§ **About this task**
From the material below, please set down exactly the lines starting with the one with "corridors, warehouses, etc." and going on through the one with "Bolsa Tote Marinho", without a single picture.

§ **Data extract**
######

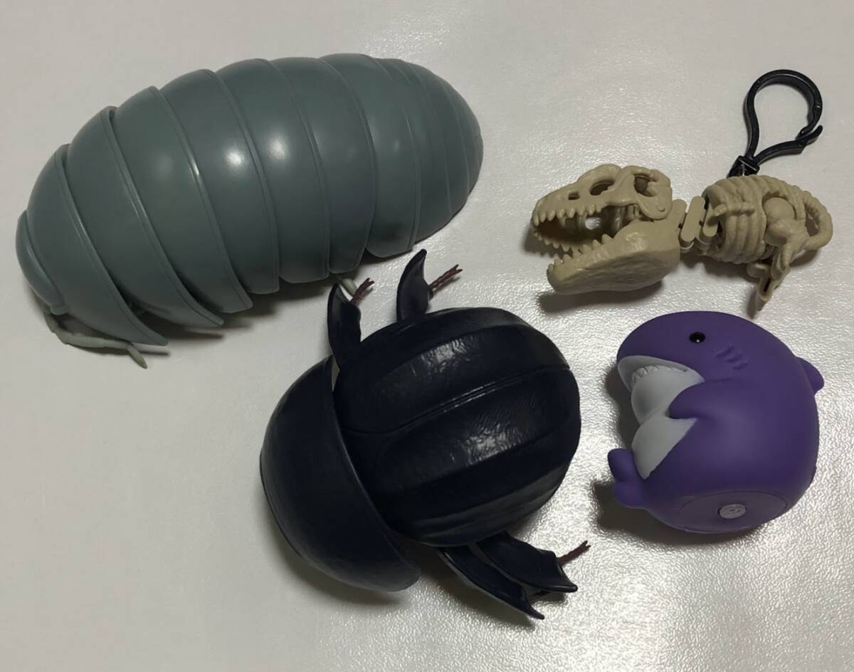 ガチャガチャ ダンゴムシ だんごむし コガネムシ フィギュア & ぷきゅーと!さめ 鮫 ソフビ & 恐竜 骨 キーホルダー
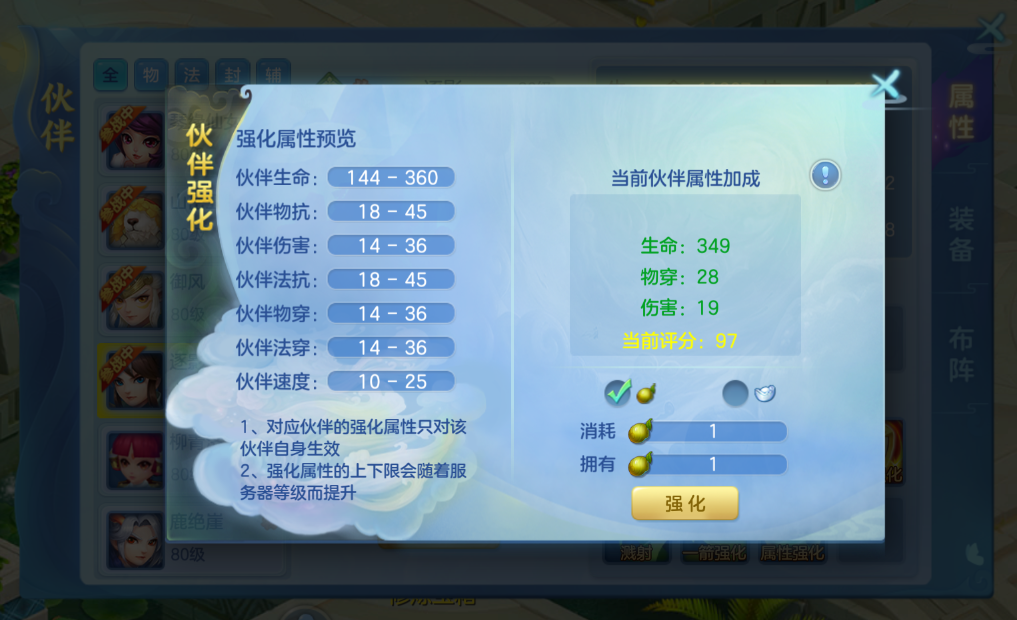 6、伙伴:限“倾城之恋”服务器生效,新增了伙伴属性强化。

######

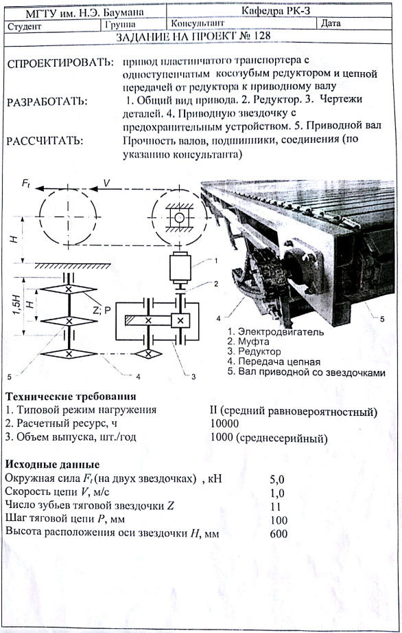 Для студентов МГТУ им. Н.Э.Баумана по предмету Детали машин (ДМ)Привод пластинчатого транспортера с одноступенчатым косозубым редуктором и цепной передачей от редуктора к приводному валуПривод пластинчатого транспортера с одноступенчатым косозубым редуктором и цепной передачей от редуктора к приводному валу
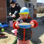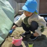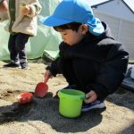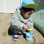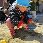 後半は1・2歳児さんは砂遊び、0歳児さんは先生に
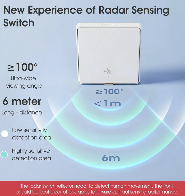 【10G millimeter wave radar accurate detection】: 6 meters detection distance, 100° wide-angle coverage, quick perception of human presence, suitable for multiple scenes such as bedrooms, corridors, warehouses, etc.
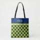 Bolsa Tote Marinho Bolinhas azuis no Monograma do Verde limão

######

§ **Result for this exercise**
 【10G millimeter wave radar accurate detection】: 6 meters detection distance, 100° wide-angle coverage, quick perception of human presence, suitable for multiple scenes such as bedrooms, corridors, warehouses, etc.
 Bolsa Tote Marinho Bolinhas azuis no Monograma do Verde limão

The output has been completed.